(Records drawn from a dataset)
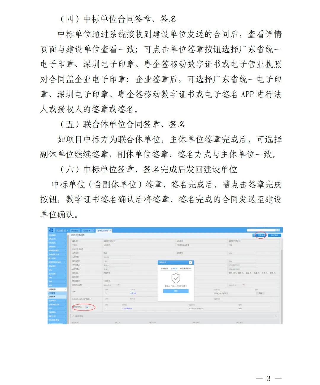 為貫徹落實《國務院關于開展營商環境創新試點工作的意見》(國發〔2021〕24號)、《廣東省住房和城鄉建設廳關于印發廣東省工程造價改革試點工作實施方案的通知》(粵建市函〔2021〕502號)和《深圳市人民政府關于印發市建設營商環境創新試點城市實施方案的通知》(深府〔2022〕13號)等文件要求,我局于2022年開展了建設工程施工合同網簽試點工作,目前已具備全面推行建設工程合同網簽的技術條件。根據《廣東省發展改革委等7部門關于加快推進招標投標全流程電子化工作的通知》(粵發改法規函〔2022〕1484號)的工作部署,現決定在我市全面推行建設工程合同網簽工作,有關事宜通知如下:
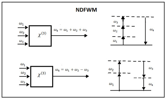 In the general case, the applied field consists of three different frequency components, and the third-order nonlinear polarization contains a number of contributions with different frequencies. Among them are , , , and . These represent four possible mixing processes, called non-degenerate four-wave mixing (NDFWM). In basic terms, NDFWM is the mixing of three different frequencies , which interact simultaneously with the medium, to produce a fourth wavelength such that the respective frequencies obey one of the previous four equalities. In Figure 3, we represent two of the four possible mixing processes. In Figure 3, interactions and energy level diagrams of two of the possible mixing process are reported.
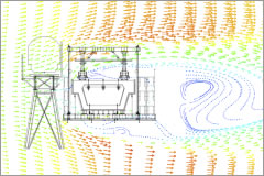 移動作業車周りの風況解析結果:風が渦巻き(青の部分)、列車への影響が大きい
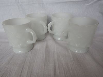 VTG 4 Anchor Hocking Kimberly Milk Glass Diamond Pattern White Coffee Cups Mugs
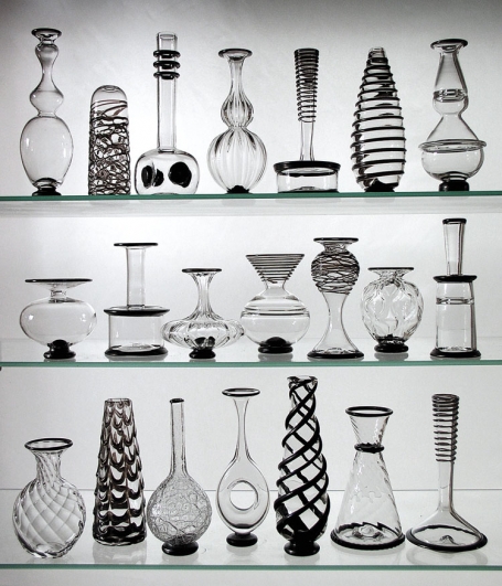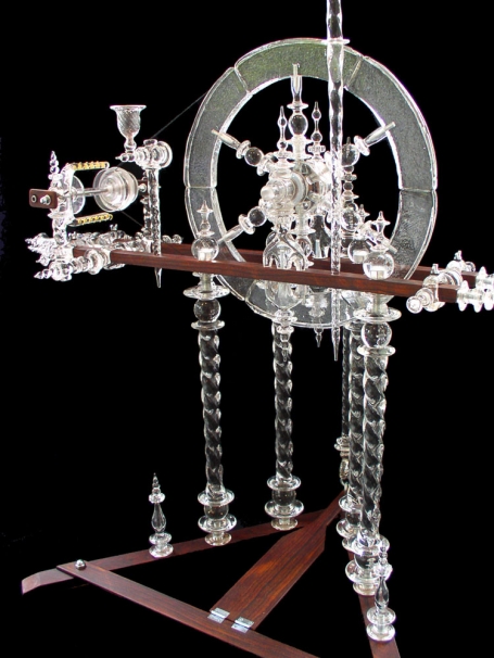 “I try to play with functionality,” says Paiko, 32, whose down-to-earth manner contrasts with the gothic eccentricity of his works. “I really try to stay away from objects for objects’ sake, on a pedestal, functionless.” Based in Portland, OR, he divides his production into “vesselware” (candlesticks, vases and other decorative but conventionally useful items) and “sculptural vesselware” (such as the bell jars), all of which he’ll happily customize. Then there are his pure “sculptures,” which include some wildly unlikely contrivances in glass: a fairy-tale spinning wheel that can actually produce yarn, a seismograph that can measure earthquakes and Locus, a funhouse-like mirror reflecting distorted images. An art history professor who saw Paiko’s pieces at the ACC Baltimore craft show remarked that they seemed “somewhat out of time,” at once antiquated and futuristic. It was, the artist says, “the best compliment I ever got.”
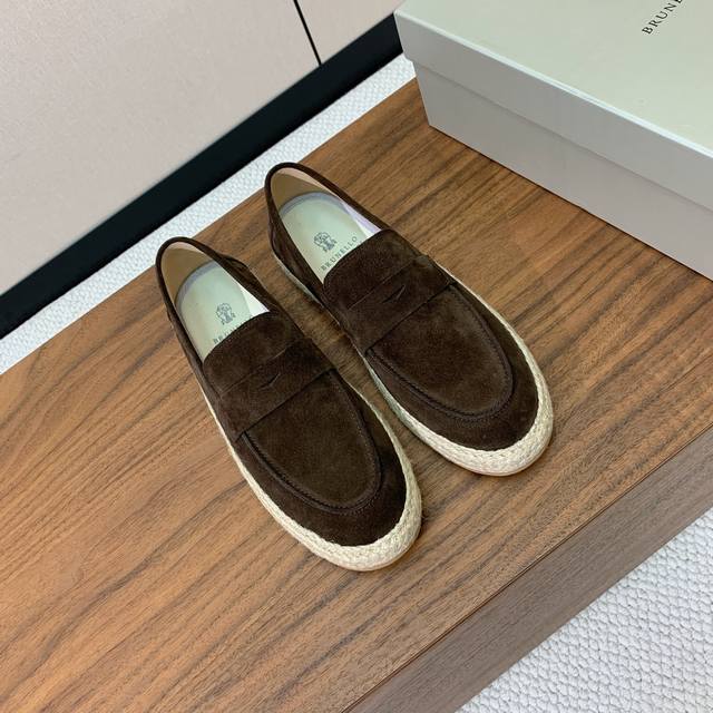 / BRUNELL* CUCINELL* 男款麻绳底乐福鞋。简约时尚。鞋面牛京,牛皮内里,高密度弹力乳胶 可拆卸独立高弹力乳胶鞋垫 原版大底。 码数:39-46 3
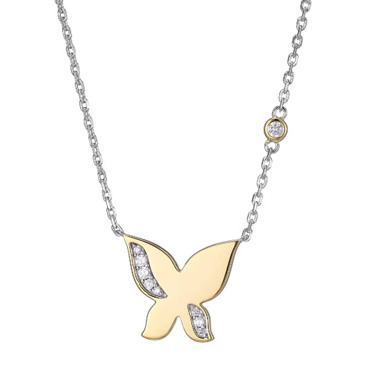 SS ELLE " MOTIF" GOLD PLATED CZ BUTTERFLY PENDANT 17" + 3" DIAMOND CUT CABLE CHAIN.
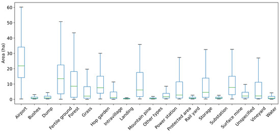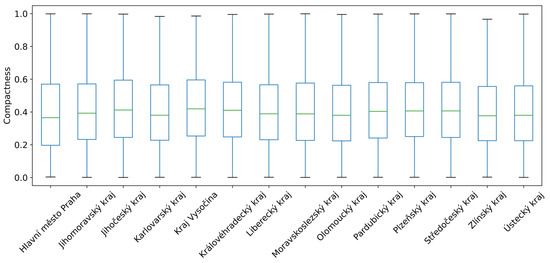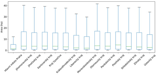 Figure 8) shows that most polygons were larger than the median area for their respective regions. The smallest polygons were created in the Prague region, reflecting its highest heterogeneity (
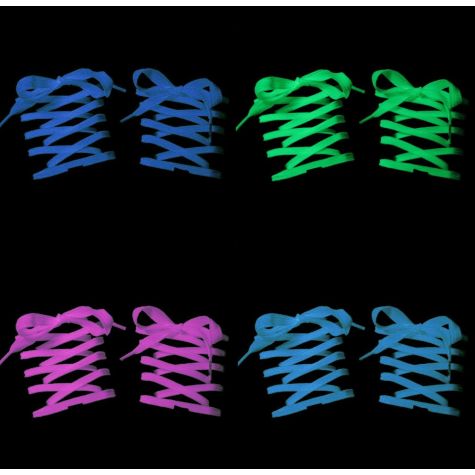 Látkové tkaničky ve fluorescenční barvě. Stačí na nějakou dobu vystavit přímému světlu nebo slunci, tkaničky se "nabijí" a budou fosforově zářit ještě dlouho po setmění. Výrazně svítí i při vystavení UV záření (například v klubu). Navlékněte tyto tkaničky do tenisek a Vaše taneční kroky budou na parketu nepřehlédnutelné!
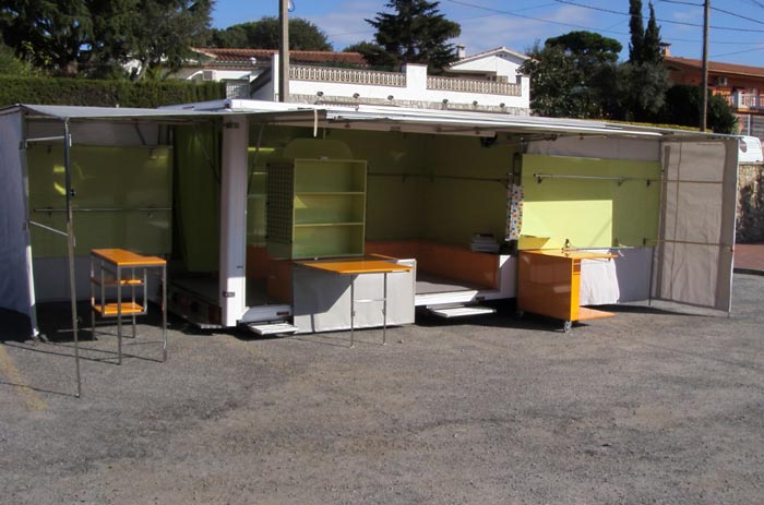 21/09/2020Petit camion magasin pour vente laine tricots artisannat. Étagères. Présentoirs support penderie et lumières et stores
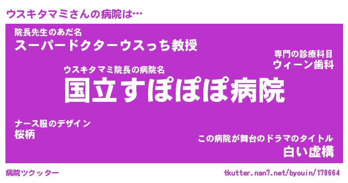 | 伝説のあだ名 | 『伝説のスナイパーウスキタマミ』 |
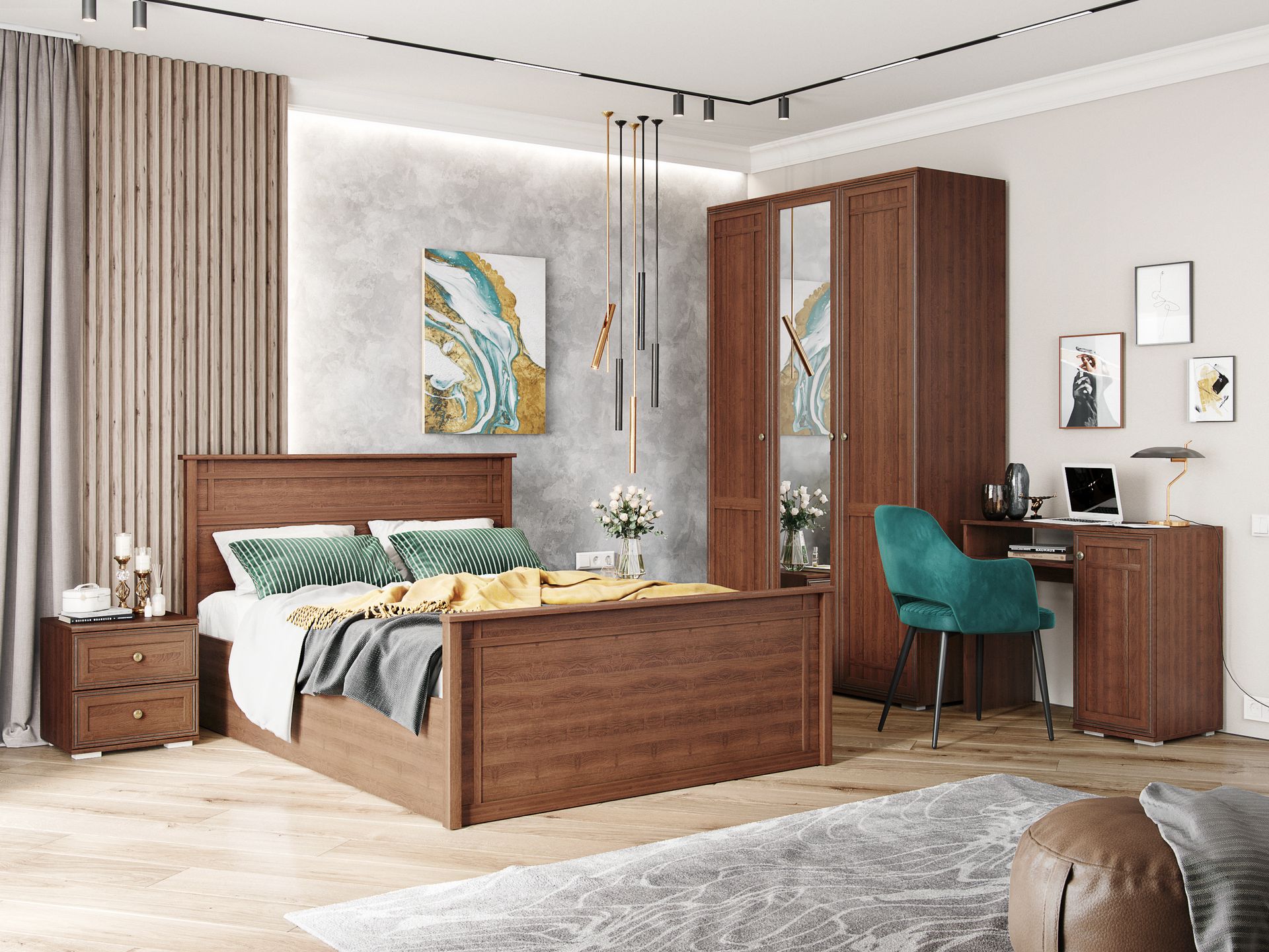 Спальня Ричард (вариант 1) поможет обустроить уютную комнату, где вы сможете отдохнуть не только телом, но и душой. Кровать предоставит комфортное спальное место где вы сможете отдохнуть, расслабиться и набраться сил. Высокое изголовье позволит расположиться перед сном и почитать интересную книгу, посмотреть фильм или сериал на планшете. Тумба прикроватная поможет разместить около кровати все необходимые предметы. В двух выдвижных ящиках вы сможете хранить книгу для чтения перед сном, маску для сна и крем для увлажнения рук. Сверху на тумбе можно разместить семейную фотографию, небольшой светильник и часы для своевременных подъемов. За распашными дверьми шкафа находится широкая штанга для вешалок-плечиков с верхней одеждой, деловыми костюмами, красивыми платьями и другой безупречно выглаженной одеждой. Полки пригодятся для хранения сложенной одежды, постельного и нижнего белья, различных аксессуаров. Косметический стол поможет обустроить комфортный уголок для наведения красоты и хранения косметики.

**Task brief**
From the data above, return exactly the lines from the one with "移動作業車周りの風況解析結果:風が渦巻き(青の部分)、列車への影響が大きい" up to and including the one with "VTG 4 Anchor". Pictures do not go in the copy.

**Result**
 移動作業車周りの風況解析結果:風が渦巻き(青の部分)、列車への影響が大きい
 VTG 4 Anchor Hocking Kimberly Milk Glass Diamond Pattern White Coffee Cups Mugs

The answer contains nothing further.